= José M. Manalo =

Filipino writer

Dr. José M. Manalo was a Filipino author of English language books.

==Education==
He earned his Bachelor of Arts (AB) degree in 1950 and his Master of Arts (MA) degree in 1961 from the Ateneo de Manila University.

==Career==
He served as president of the Rotary Club of the Philippines and communications consultant to a number of business firms, set up the first speech laboratory of Philippine Airlines (PAL), and gave the first formal speech training of its flight stewards and stewardesses in the 1950s.

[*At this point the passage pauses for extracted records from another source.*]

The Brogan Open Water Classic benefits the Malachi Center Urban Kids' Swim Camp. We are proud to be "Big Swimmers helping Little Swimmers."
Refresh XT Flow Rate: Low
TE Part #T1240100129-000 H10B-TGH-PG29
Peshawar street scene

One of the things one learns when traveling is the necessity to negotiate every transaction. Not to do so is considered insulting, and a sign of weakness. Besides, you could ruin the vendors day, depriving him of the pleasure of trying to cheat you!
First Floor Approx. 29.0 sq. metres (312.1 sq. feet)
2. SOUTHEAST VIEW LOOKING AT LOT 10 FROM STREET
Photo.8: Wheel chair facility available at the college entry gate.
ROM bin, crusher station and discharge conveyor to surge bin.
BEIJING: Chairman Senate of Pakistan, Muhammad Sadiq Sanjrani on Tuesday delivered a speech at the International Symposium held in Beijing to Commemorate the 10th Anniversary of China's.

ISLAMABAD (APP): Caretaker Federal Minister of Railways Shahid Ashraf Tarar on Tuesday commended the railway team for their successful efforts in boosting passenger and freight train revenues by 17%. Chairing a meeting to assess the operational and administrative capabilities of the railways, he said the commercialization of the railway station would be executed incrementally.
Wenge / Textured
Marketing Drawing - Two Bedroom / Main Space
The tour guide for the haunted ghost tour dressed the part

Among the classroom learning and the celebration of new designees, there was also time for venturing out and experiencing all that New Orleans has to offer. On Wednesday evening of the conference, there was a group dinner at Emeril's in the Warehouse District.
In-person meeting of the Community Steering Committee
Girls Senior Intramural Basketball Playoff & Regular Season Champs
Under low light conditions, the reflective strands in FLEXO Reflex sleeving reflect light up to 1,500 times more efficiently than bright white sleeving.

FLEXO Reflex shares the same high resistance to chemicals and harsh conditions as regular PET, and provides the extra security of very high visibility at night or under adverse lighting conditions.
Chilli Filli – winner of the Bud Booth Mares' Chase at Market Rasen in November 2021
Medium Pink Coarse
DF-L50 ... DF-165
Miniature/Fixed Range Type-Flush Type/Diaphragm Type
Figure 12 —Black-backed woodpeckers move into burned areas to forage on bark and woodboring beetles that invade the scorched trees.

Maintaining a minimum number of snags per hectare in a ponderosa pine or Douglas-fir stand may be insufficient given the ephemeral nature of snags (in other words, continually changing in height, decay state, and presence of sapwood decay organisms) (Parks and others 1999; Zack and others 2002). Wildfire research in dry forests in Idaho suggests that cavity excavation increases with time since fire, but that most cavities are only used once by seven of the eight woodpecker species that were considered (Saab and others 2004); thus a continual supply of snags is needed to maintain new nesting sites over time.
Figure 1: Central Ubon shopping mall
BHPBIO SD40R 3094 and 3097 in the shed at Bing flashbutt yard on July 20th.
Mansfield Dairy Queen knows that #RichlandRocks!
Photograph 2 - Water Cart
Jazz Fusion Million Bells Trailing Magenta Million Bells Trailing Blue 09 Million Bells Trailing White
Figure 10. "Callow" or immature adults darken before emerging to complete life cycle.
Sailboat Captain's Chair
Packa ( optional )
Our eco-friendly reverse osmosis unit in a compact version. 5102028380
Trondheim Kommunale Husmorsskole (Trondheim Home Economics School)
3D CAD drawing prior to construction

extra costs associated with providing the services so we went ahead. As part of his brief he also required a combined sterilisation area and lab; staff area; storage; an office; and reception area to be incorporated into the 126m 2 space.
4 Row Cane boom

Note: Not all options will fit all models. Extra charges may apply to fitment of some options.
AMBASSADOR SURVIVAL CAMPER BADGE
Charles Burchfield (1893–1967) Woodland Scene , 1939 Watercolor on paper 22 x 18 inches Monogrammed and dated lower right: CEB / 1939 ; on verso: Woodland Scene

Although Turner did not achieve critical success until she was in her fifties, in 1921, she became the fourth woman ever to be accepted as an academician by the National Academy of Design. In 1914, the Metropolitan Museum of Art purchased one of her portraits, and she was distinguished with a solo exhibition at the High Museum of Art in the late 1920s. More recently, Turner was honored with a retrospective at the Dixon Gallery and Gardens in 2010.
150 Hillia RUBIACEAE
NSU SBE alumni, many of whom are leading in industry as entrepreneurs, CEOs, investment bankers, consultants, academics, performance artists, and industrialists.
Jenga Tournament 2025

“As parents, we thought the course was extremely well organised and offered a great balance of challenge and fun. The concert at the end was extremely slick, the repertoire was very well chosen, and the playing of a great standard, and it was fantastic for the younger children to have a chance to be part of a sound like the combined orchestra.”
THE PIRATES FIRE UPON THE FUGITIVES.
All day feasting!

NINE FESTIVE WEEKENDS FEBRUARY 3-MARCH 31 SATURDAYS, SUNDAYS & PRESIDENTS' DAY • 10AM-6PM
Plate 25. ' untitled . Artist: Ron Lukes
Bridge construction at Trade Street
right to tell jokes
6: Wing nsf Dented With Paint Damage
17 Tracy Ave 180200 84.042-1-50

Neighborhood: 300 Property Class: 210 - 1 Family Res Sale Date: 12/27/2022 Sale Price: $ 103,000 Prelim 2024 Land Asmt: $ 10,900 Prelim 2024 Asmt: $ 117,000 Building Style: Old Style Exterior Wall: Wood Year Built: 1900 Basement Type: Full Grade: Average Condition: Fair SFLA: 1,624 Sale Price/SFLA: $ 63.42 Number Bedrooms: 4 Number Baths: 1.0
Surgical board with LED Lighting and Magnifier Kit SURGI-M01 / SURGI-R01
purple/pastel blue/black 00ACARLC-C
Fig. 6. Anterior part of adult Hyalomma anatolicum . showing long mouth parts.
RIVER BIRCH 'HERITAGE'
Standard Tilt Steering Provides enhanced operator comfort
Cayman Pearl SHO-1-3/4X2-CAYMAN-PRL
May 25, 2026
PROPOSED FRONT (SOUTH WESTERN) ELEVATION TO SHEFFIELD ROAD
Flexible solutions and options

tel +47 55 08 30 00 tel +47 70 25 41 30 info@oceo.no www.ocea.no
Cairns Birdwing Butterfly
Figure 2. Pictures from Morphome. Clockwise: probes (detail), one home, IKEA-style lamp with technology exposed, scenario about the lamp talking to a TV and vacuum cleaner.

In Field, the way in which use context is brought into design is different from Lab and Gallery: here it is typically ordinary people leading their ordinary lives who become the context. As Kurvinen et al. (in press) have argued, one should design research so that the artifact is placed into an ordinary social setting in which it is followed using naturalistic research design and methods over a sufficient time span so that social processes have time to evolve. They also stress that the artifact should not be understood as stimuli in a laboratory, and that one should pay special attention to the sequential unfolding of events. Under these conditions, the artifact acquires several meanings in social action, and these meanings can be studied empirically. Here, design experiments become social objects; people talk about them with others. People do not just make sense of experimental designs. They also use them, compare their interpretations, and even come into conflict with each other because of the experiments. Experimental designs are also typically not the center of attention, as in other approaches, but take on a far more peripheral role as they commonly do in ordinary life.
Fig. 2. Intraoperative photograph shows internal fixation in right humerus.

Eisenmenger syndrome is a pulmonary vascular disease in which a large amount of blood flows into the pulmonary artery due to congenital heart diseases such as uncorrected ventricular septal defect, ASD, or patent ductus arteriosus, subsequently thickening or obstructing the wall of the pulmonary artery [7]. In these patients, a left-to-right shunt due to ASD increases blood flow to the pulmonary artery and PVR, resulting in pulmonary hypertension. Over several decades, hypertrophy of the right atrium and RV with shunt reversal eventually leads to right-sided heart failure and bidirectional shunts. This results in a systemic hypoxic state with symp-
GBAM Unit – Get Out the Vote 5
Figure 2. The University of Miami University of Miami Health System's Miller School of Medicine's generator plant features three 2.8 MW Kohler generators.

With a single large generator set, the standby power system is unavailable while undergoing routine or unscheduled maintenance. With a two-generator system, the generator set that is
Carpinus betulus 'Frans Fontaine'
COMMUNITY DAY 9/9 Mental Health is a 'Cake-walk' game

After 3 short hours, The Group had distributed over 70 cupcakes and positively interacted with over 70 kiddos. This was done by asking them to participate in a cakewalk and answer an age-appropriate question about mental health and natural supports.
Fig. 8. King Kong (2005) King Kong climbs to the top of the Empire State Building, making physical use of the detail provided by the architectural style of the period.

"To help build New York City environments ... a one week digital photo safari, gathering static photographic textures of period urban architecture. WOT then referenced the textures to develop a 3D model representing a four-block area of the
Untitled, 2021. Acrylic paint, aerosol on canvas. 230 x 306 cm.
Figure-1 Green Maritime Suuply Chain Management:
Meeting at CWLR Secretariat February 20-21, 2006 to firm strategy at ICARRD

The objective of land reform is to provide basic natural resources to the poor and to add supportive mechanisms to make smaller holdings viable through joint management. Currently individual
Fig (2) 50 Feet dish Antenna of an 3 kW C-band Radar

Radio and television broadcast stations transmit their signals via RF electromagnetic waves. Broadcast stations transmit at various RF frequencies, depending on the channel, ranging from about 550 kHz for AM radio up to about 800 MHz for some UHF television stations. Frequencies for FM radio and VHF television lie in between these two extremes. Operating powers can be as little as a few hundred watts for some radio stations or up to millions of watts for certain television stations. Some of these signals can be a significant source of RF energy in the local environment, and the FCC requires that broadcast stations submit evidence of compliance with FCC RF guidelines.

As an educator, he acted as dean of the Institute of Arts and Sciences at the Philippine College of Commerce [now Polytechnic University of the Philippines (PUP)]; dean of the college of liberal arts at Mount Carmel College of Baler (MCC Baler); head of the English and speech departments of the University of Manila (UM); speech and drama director of Saint Paul's College of Quezon City (SPCQC) (now Saint Paul University of Quezon City), Saint Joseph's College of Quezon City (SJCQC), and the UM; speech consultant and speech instructor of PAL, Philippine Air Force (PAF), and San Miguel Corporation (SMC); and professor of English grammar, composition, literature, speech, dramatics, radio-television broadcasting, and the humanities at the University of the East (UE), UM, Far Eastern University (FEU), Centro Escolar University (CEU), National Teachers College (NTC), La Concordia College, Stella Maris College of Quezon City, SJCQC, SPCQC, MCC Baler, Immaculate Heart of Mary College in Quezon City, and Ateneo de Manila University.